L'ancienne Première ministre britannique Margaret Thatcher, son dernier livre «Statecraft» et son sac à main le 3 avril 2002 à Londres.  (AFP PHOTO Hugo PHILPOTT)

La première utilisation du verbe est répertoriée par l’OED dans The Economist en 1982. «Les chiffres du Trésor, publiés la semaine dernière, montrent combien elle a été impitoyable avec la fonction publique», pouvait-on lire dans la revue. Le «elle» renvoyant à Margaret Thatcher. Fiona McPherson, qui collabore à la rédaction du dictionnaire publié par l'Oxford University Pressfait état d’une utilisation plus ancienne. En 1962, un journal canadien avait déjà fait usage du verbe dans son sens «premier» : «Frapper avec un sac à main». Cependant, estime Fiona McPherson, c’est la référence à Margaret Thatcher qui a rendu le verbe «to handbag» populaire.
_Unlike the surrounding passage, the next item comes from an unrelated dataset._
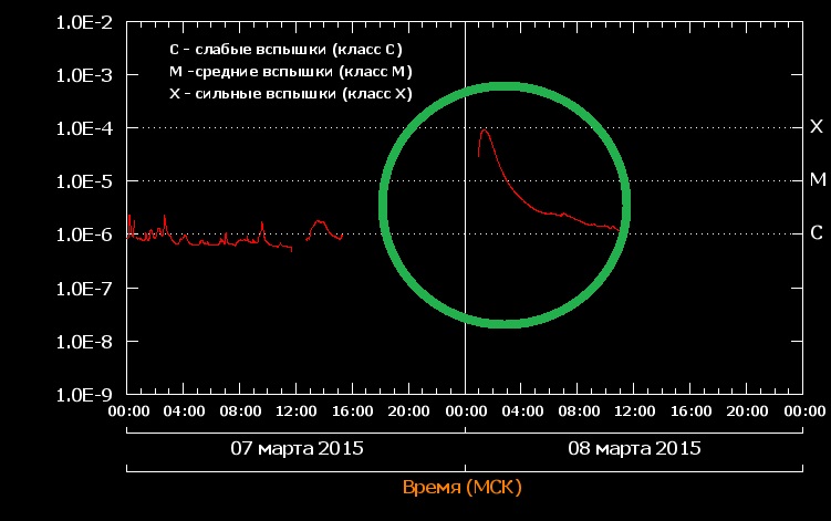 Самая сильная солнечная вспышка текущего 2015-го года была зарегистрирована на Солнце сегодня, 3 марта, через несколько часов после полуночи. Поток рентгеновского излучения на орбите Земли (один из основных показателей вспышки на Солнце) начал расти в 4:20–4:25 мск, достиг максимума около 04:35, после чего уменьшался в течение примерно 2 часов, вернувшись к нормальному уровню около 6 часов утра. Такой профиль – быстрый рост и относительно медленный спад – типичен для вспышек, которые обычно имеют очень резкую стадию нагрева, называемую импульсной, длящуюся всего минуты, а порой секунды, и долгую фазу спада. Продолжительность фазы спада просто равна времени, которое требуется разогретым до десятков миллионов градусов областям вспышки чтобы остыть и вернуться к нормальной температуре.

Outre-Atlantique, le président démocrate Bill Clinton a également contribué à enrichir le vocabulaire américain. «To pull a clinton»faire passer un mensonge pour une vérité – s'est imposé dans le champ lexical politique et médiatique après ses déclarations dans l’affaire Monica Lewinsky. L'expression avait déjà été employée dans la même assertion, mais sous une autre forme  – «to pull a Bill Clinton»  –, lors du débat qui oppose le vice-président de George H.Bush, Dan Quayle, à celui qui deviendra celui de Bill Clinton, Al Gore, en 1992. Après plusieurs semaines de dénégation en 1998, l’ancien président démocrate admettra que si ses propos antérieurs étaient «recevables sur un plan légal», ils constituaient néanmoins un mensonge puisqu’il avait effectivement eu une relation «inapropriée» avec Monica Lewinsky. 

Par ailleurs, comme l’explique le site d'informations Politico«to pull a clinton» signifie aussi réussir à faire un comeback politique ou à retourner une situation politique à son avantage comme Bill Clinton l'avait fait au milieu des années 90.